When a sync job fails, the platform retries it a small number of times with increasing delays. The delays are designed to ride out transient external API outages that typically resolve within a short window.

Between retries: The job goes back into a pending state with a scheduled retry time, the retry count is incremented, and the latest failure reason is surfaced on the job.

After all retries are exhausted: The job is marked as failed and the connection’s health status is updated so the dashboard surfaces the connection as unhealthy.

Incremental Sync Cursors

Incremental syncs use a cursor to track progress and avoid re-fetching already-synced data. The cursor falls back gracefully when one is not available:

  1. Primary: the cursor from the last completed sync.
  2. Fallback: the completion timestamp of the last completed sync, used as a “changes since” marker.
  3. No history: if there has never been a completed sync, the incremental run effectively becomes a full sync.

Common cursor issues:

  • “Incremental sync isn’t catching new changes.” If the cursor is correct but the external API is not returning changes, the issue is on the external source’s side (pagination, cursor format change, etc.).
  • “Incremental sync re-fetches everything.” This happens when no usable cursor or completion timestamp is available, or when the provider does not support time-based change detection.

Fix for cursor drift: run a full sync to reset the baseline, then let incremental syncs resume from the fresh cursor.

Per-Object Failure Recording

Sync jobs process objects in batches. When an individual object fails, it does not abort the entire job — the failure is recorded for that object and the job continues with the rest.

What you can see for each per-object failure:

  • The object’s identifier in the external system.
  • The object type (for example, “document” or “page”).
  • A human-readable error description.
  • A snapshot of the object payload to help reproduce the issue.

Interpreting job results: After a job completes, check the failed-items counter. If it is non-zero, some objects failed individually. The job’s overall status can still be completed even with individual object failures — the job-level status reflects whether the sync process itself completed, not whether every object succeeded.

💡 Common cause: The most frequent per-object failure is “object missing ID” — the external source returned an object without an id field. This usually means the external API response format has changed.

Connection State Requirements

Before a sync job can start, two preconditions must be met:

1. The connection must be active. If the connection is in any other state (disconnected, error, or revoked), the sync job is rejected with a “connection not active” error.

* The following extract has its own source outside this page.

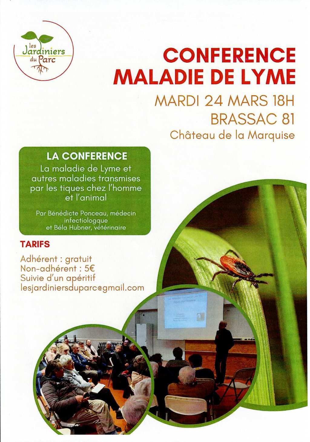 L’association Les Jardiniers du Parc vous invite à une conférence sur la maladie de Lyme et les autres maladies transmises par les tiques, chez l’homme et l’animal.

2. A valid access token must be available. The platform refreshes tokens before they expire. If a refresh fails (for example, the upstream provider revoked the refresh token), the next sync job surfaces a “no access token available” error.

Troubleshooting:

  • “Connection not active” — re-authorize the integration from the dashboard. The OAuth flow re-establishes the connection.
  • “No access token available” — your refresh token has been revoked or has expired. Re-authorize the connection from the dashboard.

Monitoring Sync Health

The job status endpoint returns real-time progress, timing, and error information for an in-flight sync. A typical response includes:

  • The job’s current state and overall percent complete.
  • Counts for total, processed, and failed items.
  • Counts for memories created, updated, and deleted by the run.
  • Start time, completion time (if finished), and total duration.
  • The latest error message, if any.

Sync scheduling: After a sync completes, the connection’s next scheduled sync is updated based on the configured frequency:

Frequency Next Sync After
realtime5 minutes
hourly1 hour
daily24 hours
manualNot automatically scheduled

✅ Health check: A connection is healthy when its last sync completed successfully and the total objects synced matches your expectation. If the last sync failed, the dashboard surfaces the most recent error message and how many retries remain.